[Opening Input data section]

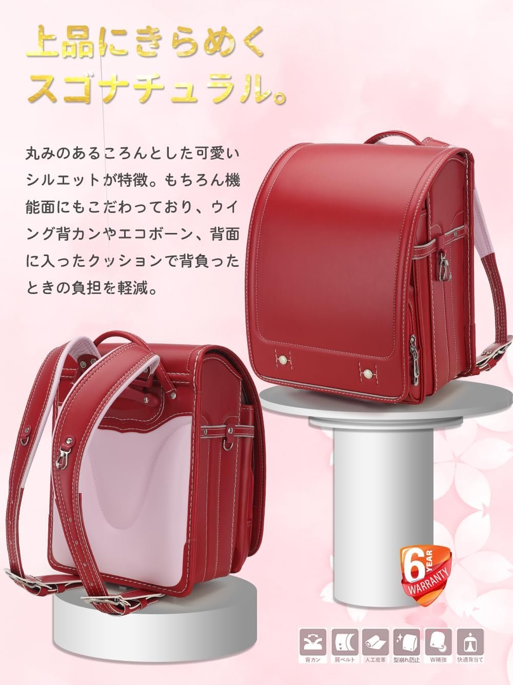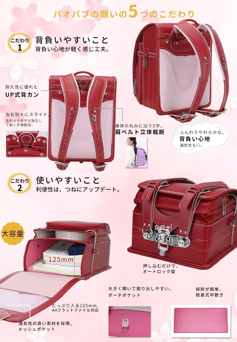 Mochila Escolar Baobab no Negai – Diseño Ligero, Resistente al Agua, con Gran Capacidad (Rojo)
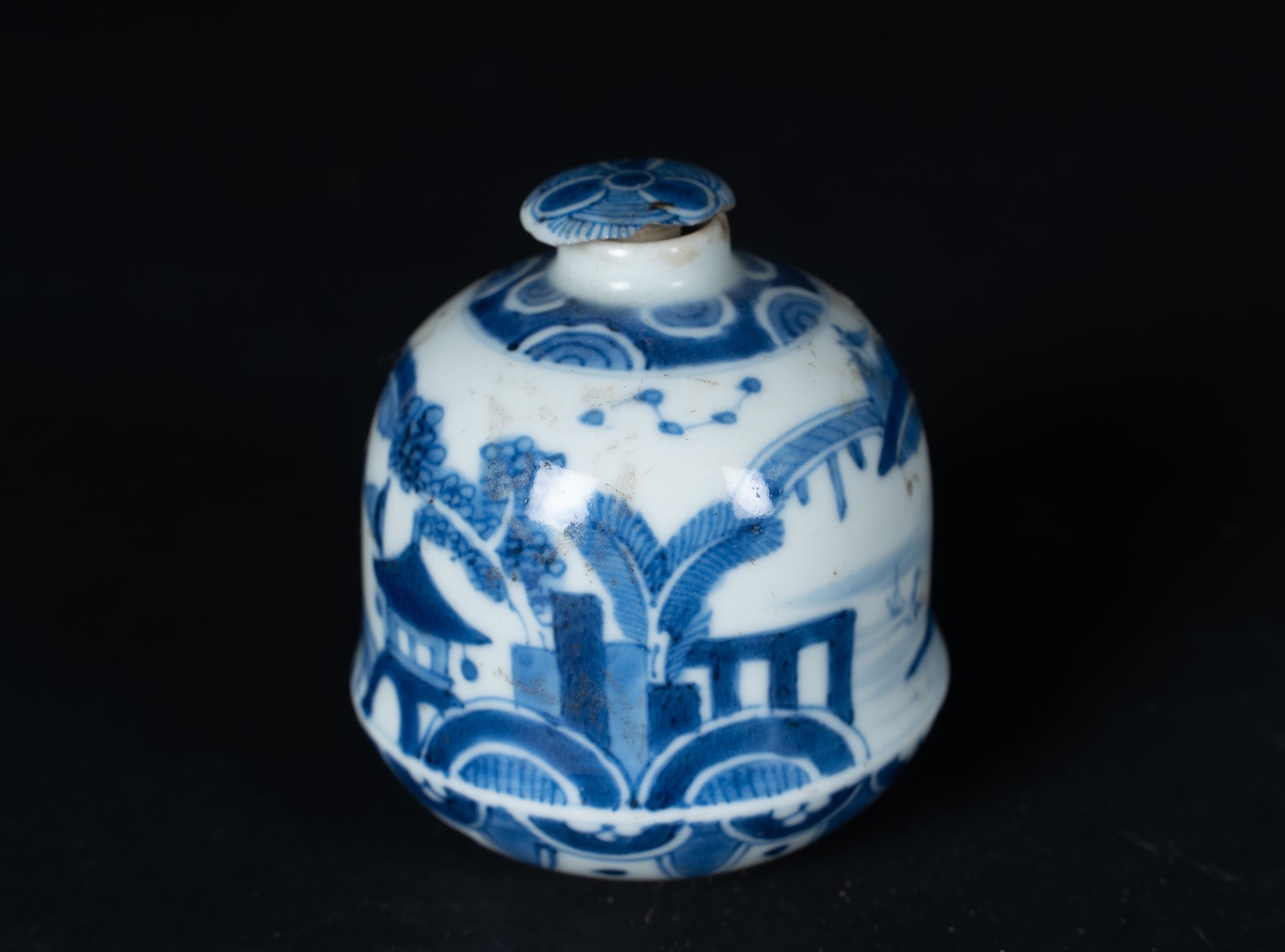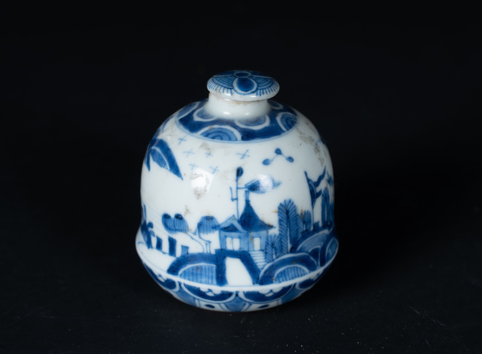 Chinese Art A blue and white porcelain vase painted with landscapeChina, Qing dynasty, Kangxi period. . Cm 9,00.
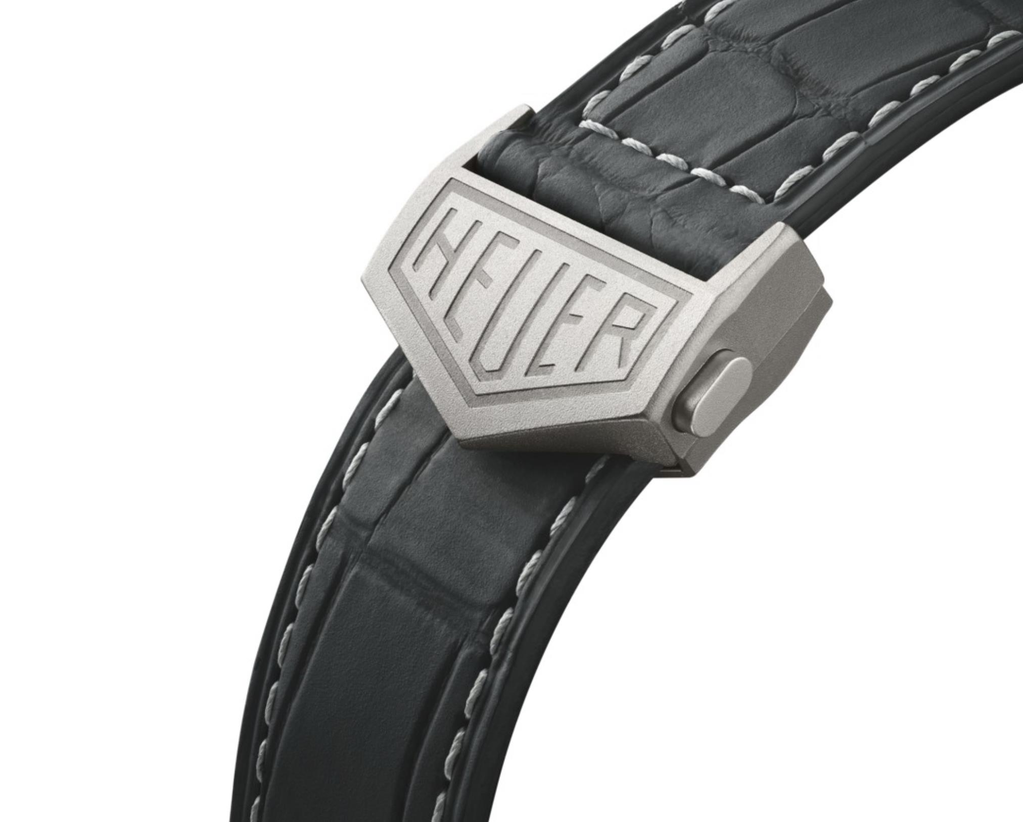 El mundo del automovilismo también inspiró el aspecto de goma de la deportiva correa de cocodrilo antracita y recuerda las ranuras de los neumáticos de los coches de carreras. Los índices y totalizadores están recubiertos con Super-LumiNova® para garantizar una visibilidad óptima en cualquier condición.
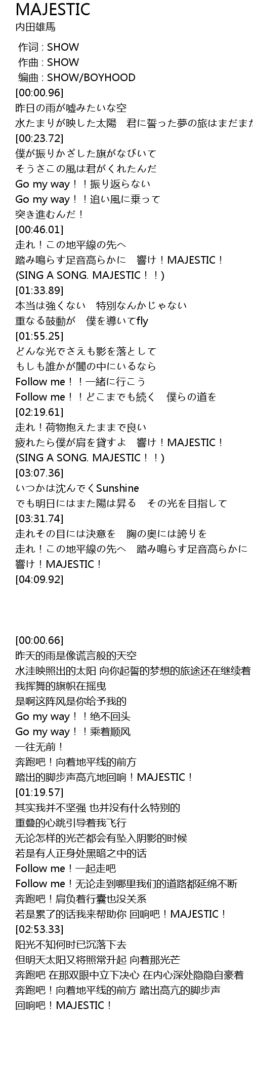 | [02:53.33] | SING A SONG. MAJESTIC!! |

[Closing Input data section]

Required work
Because the copy must hold no pictures, return only the lines that run from the line containing "El mundo del" to the end of the data above, each exactly as it stands.

Expected output
 El mundo del automovilismo también inspiró el aspecto de goma de la deportiva correa de cocodrilo antracita y recuerda las ranuras de los neumáticos de los coches de carreras. Los índices y totalizadores están recubiertos con Super-LumiNova® para garantizar una visibilidad óptima en cualquier condición.
 | [02:53.33] | SING A SONG. MAJESTIC!! |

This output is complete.